How to Keep House while Drowning: A Book Review

I picked this up in the new-to-us section of the public library. This is a really well-chosen title, really lets you know what you are getting.

From the back:

If you’re struggling to stay on top of your to-do list, you probably have a good reason: anxiety, fatigue, depression, ADHD, or lack of support. For therapist KC Davis, the birth of her second child triggered a stress-mess cycle: the more behind she felt, the less motivated she was to start. …

Inside, you’ll learn to: See chores as a kindness to your future self, not a as rejection of your self-worth; Start by setting priorities; Stagger tasks so you won’t procrastinate; Clean in quick bursts within your existing daily routines; Use creative shortcuts to transform a room from messy to functional.

With KC’s help, your home will feel like a sanctuary again. It will become a place to rest, even when things aren’t finished.

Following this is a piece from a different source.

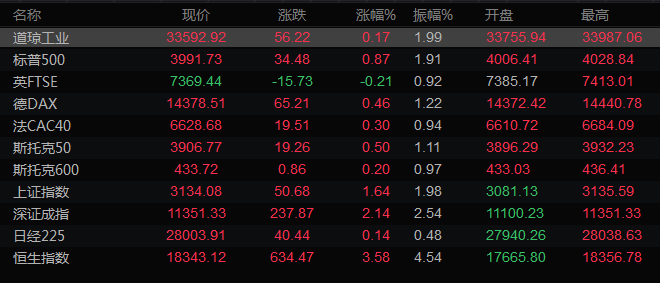 美股收盘情况:道琼斯工业指数上涨0.17%,至33592.92点;标普500指数上涨0.87%,至3991.73点;纳斯达克指数上涨1.45%,至11358.41点。
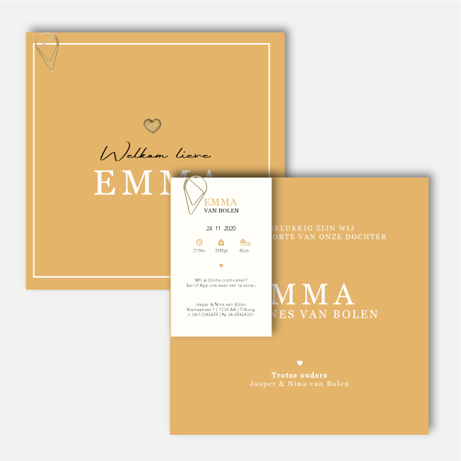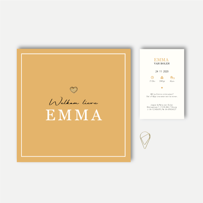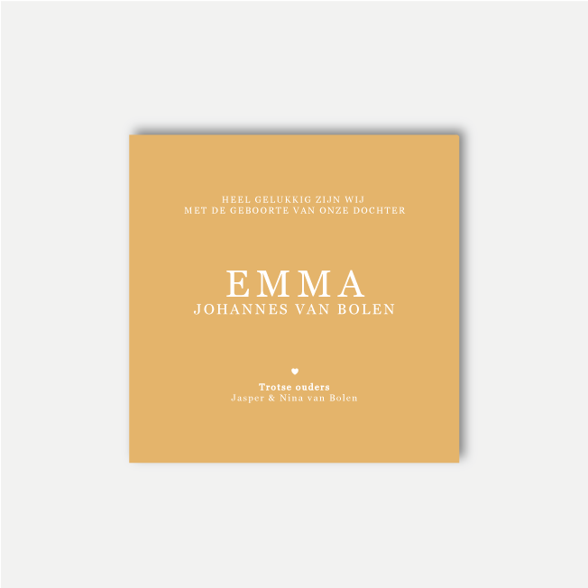 Een Butterscotch geel geboortekaartje voor jouw pasgeboren dochtertje met witte rand en een houten hartje op de voorkant.

I really wish that I had written this book, or that it had been written by Allie Beth Stuckey. This book, or a version of it, needs to be written by someone who understands human sin nature, grace, and the freedom that is found in Christ Jesus. It’s so, so close, but because of the author’s wokeness, there are jarring notes.

The Practical

To some, this book might sound as if it was written by a sloppy, disorganized person, to sloppy, disorganized people, to help them justify their sloppiness. On the contrary, it was written by a naturally distractible person, to distractible people, to help them achieve the level of organization that they actually want to, without letting the perfect become the enemy of the good.

KC went through rehab as a teenager. She has ADHD, is married with two small children, and is a therapist, which means that people talk to her about their frustrations with themselves and their inability to get their houses in order.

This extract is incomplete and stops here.